The entries below need to be transcribed exactly, without their images.

::: DATA TO EXAMINE :::

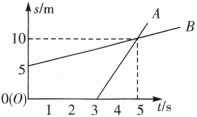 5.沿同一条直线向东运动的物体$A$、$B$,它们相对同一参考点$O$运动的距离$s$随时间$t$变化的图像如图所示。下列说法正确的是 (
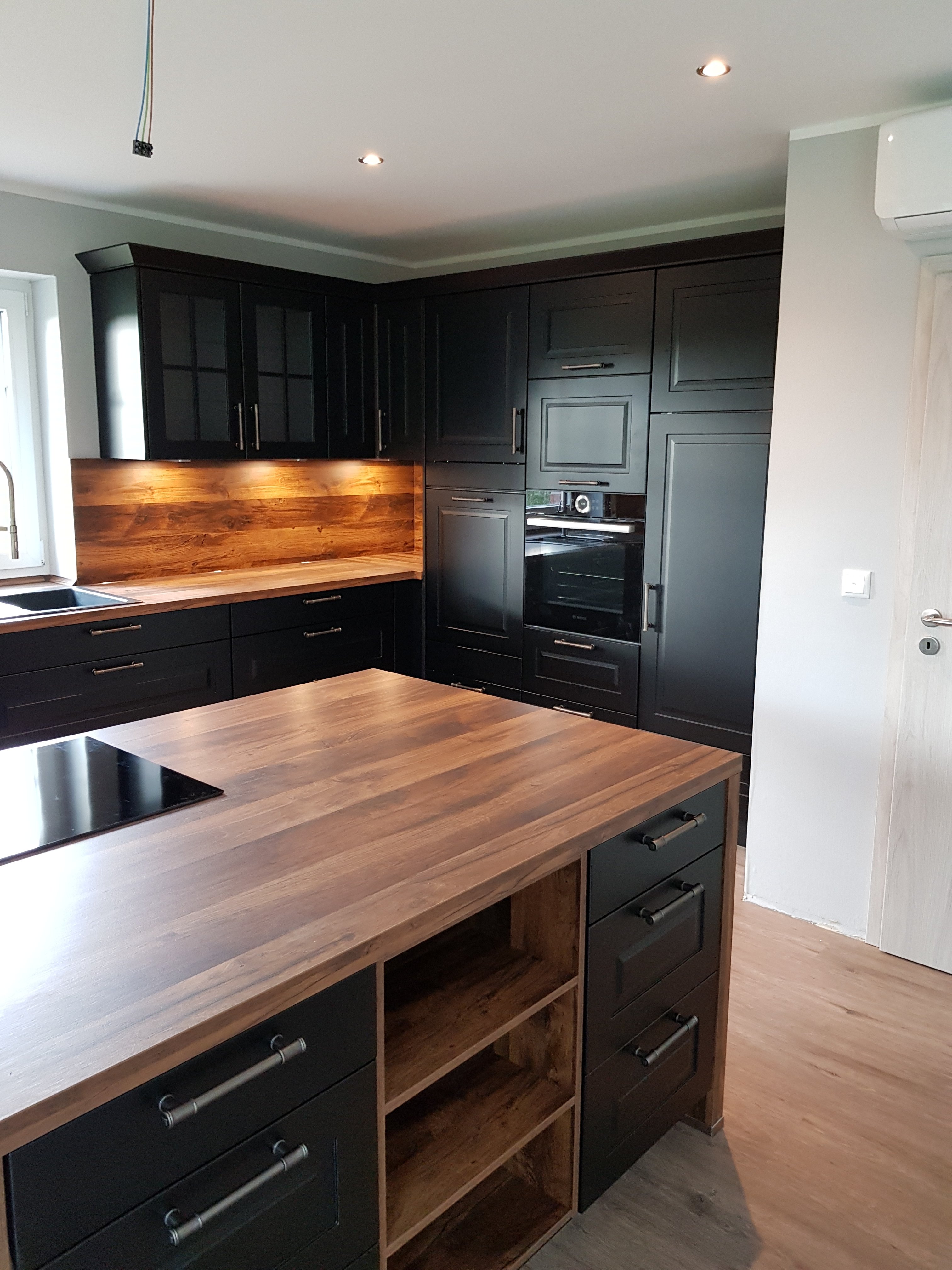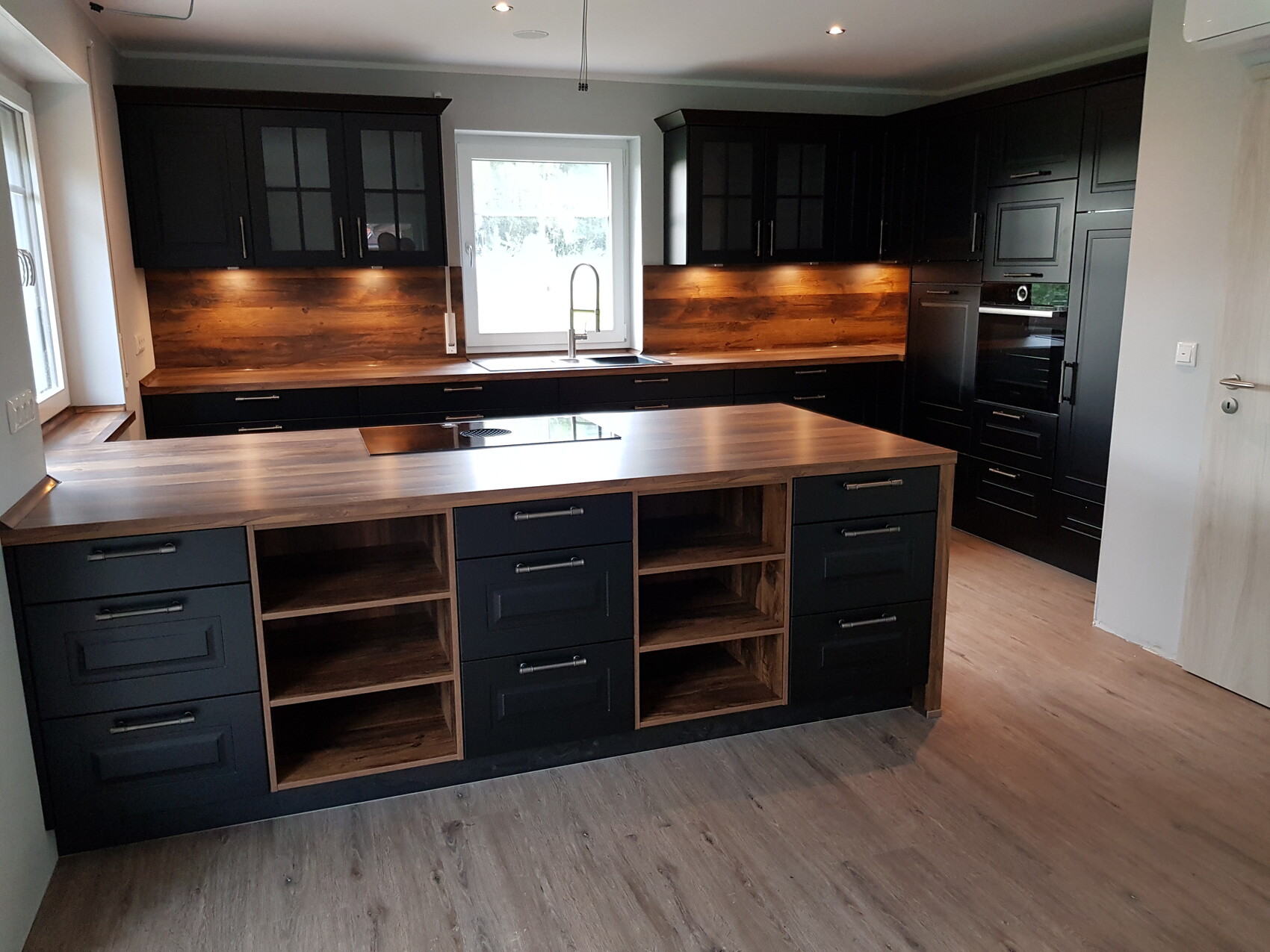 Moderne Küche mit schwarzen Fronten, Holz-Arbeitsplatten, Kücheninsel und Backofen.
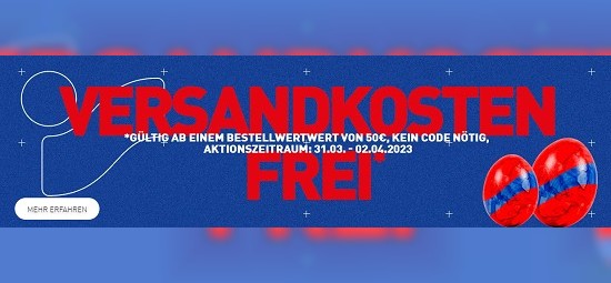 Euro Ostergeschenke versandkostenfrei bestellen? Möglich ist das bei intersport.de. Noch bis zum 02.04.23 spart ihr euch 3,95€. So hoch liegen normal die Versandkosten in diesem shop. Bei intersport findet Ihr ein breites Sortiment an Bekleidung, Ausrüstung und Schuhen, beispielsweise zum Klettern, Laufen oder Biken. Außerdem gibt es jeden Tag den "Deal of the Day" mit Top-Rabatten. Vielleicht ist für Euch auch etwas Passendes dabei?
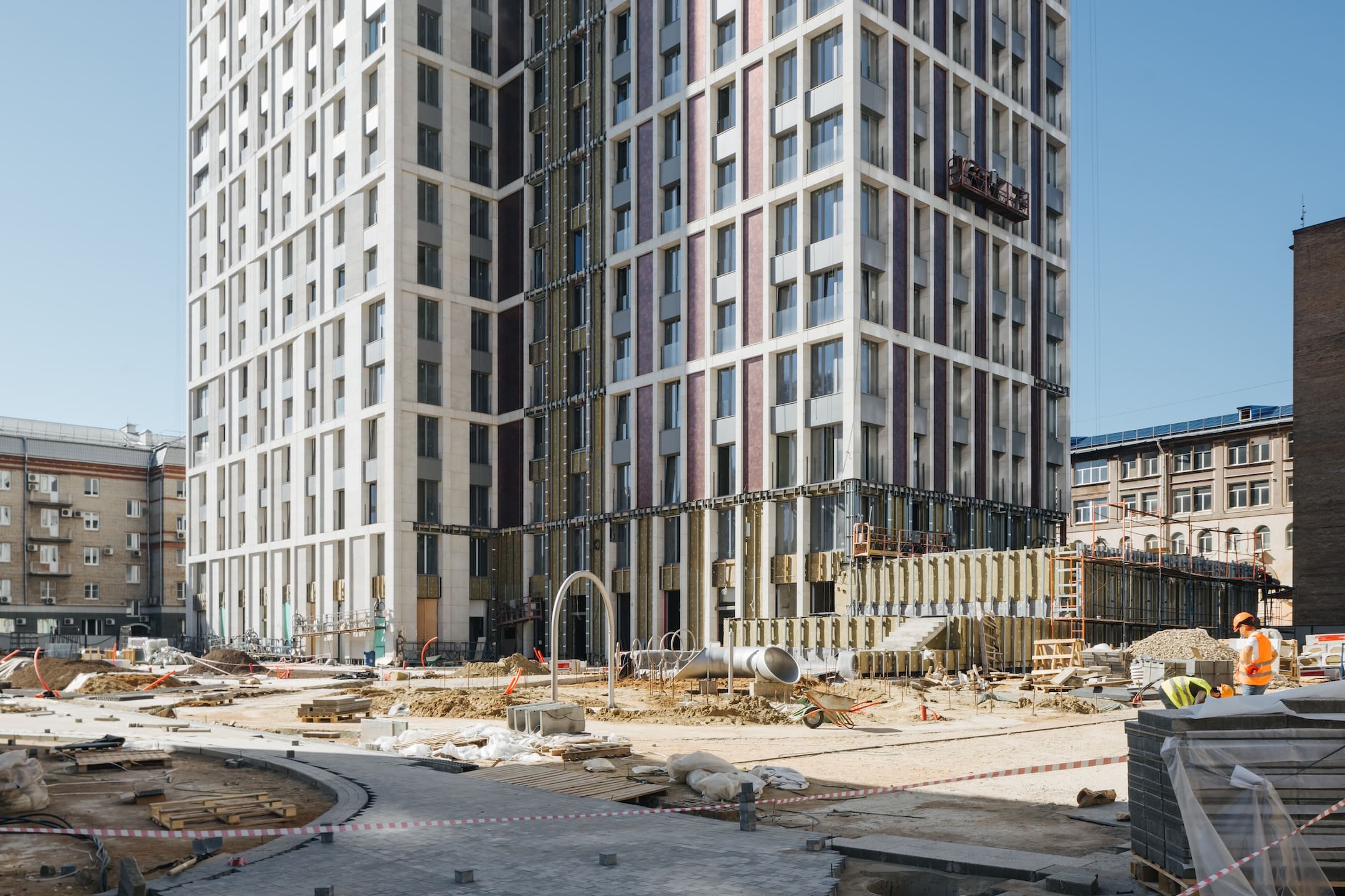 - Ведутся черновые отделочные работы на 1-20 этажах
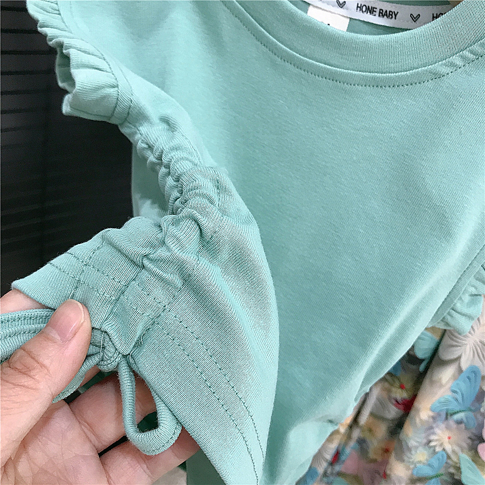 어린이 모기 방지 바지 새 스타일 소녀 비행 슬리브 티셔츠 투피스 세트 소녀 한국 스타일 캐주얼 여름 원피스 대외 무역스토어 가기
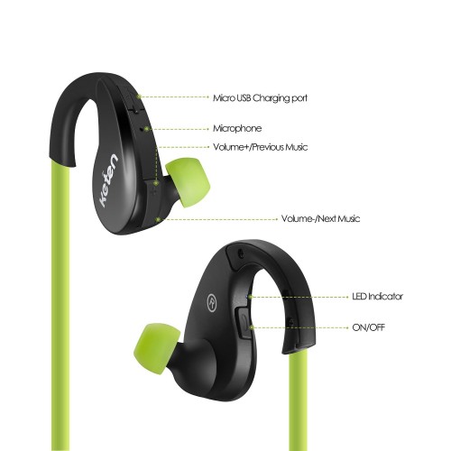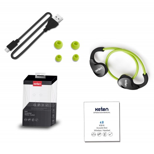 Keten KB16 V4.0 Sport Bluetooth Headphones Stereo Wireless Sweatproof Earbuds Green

:::

**OUTPUT OF THE EXERCISE:**
 5.沿同一条直线向东运动的物体$A$、$B$,它们相对同一参考点$O$运动的距离$s$随时间$t$变化的图像如图所示。下列说法正确的是 (
 Moderne Küche mit schwarzen Fronten, Holz-Arbeitsplatten, Kücheninsel und Backofen.
 Euro Ostergeschenke versandkostenfrei bestellen? Möglich ist das bei intersport.de. Noch bis zum 02.04.23 spart ihr euch 3,95€. So hoch liegen normal die Versandkosten in diesem shop. Bei intersport findet Ihr ein breites Sortiment an Bekleidung, Ausrüstung und Schuhen, beispielsweise zum Klettern, Laufen oder Biken. Außerdem gibt es jeden Tag den "Deal of the Day" mit Top-Rabatten. Vielleicht ist für Euch auch etwas Passendes dabei?
 - Ведутся черновые отделочные работы на 1-20 этажах
 어린이 모기 방지 바지 새 스타일 소녀 비행 슬리브 티셔츠 투피스 세트 소녀 한국 스타일 캐주얼 여름 원피스 대외 무역스토어 가기
 Keten KB16 V4.0 Sport Bluetooth Headphones Stereo Wireless Sweatproof Earbuds Green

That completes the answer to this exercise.